Ok, I think I'm starting to understand....but just want to be sure I have this right...
When determining the basis for when I begin ownership, I would use the adjusted amounts of all the prior depreciated items. The rentals themselves and all improvements, at their current depreciated value. Add them all together to get a new starting basis for my 27.5 year deprectiation. Right? Or, the FMV, whichever is greater?

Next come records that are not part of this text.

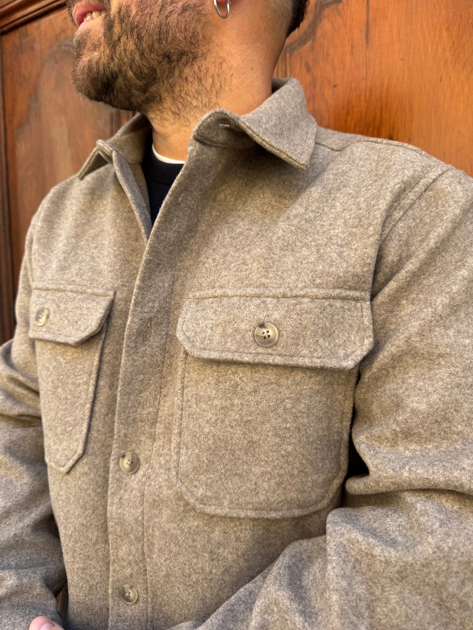 Giacchetta in panno di Tiffosi, morbida e calduccia, tasche altezza petto frontali, vestibilità regular, il modello è alto 1.70 per 77 kg e indossa una S.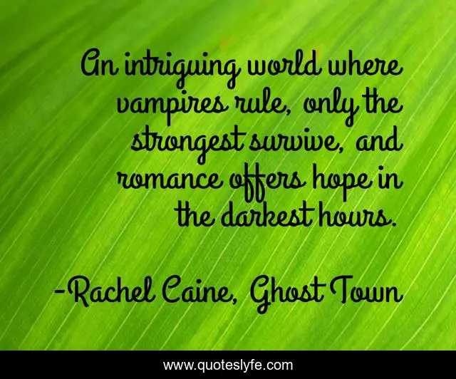 "Rachel Caine, Ghost Town Quotes." Quoteslyfe.com, 2025. Sat. 06 Dec. 2025. <https://www.quoteslyfe.com/quote/An-intriguing-world-where-vampires-rule-only-100483>.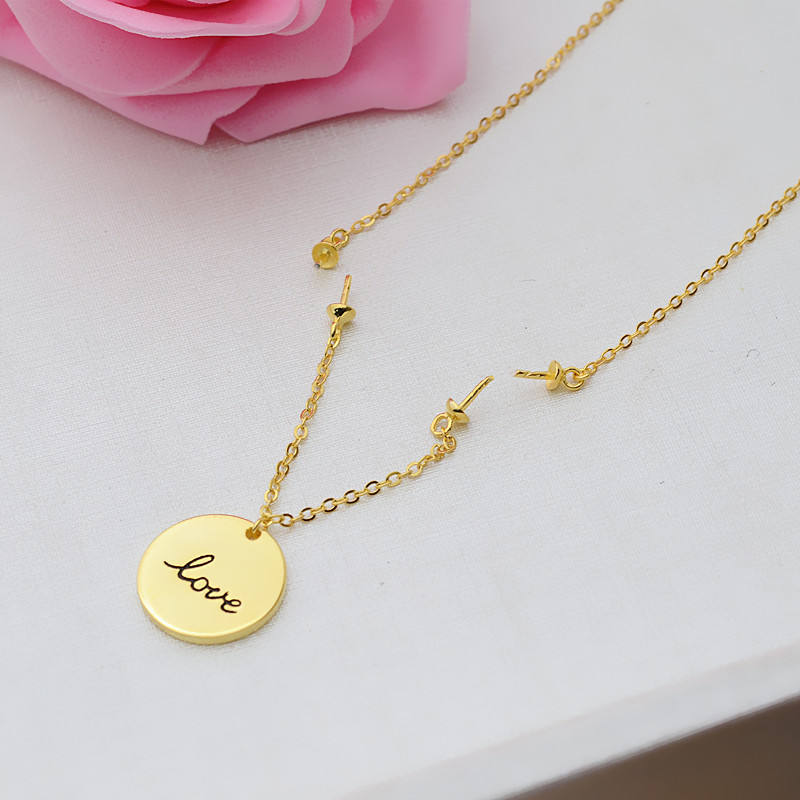 S925 Silver LOVE Style Pendant Trendy Heart Shape Fancy Chain Necklace Hole Pearl for Women DIY Pearl Jewelry Empty Tray 370

I assume I would want the higher figure, for depreciation purposes.
Is that what you are saying? |
04-06-2013, 12:10 PM
| Moderator | | Join Date: Oct 2010
Posts: 5,258
| | "When determining the basis for when I begin ownership, I would use the adjusted amounts of all the prior depreciated items."=====>Correct to prevent double depre;simple example; the donor's , basis $100K , $20K taken as depre, then donor's adj basis id $80K, FMV at the time of gift is $90K, then as $90K>$80K, donee's basis is donor's adj basis, $80K, NOT $FMV of $90K; if the fmv is $70K, then the donee's basis for gain is $80K,NOT $70K, but donee's basis for loss is $70K, FMV.
"The rentals themselves and all improvements, at their current depreciated value. Add them all together to get a new starting basis for my 27.5 year deprectiation. Right? Or, the FMV, whichever is greater?"=========>assume thatyour new basis is $80K and you add new improvements, $20K worth OF DEPRECIABLE IMPRIVEMNTS. wiTh depre life of 27.5 yr, then your new depre basis'd be $100K;$80K(adj basis)+$20K $20k worth.please read above. |
04-06-2013, 01:32 PM
| Junior Member | | Join Date: Apr 2013
Posts: 7
| | Ok....think I understand......I want to depreciate as much as I can, now, so I can continue to reap depreciating benefits, down the road. Thanks. |
04-08-2013, 10:14 AM
| Moderator | | Join Date: Oct 2010
Posts: 5,258
| | "Then, I would start depreciating at year 1 of 27.5, with that grand total?"============>Anew MACRS depreciation period and method applies to you , the donee ,even if the donated property was ACRS property in the donor's hands. thereore, it appears that you need to start with a new 27.5-year depreciation schedule, but using the donor's ,carryover, adjusted basis in the property.ALSO the donor is responsible for reclaiming only the depreciation he took on his tax return
Last edited by Wnhough : 04-08-2013 at 10:24 AM.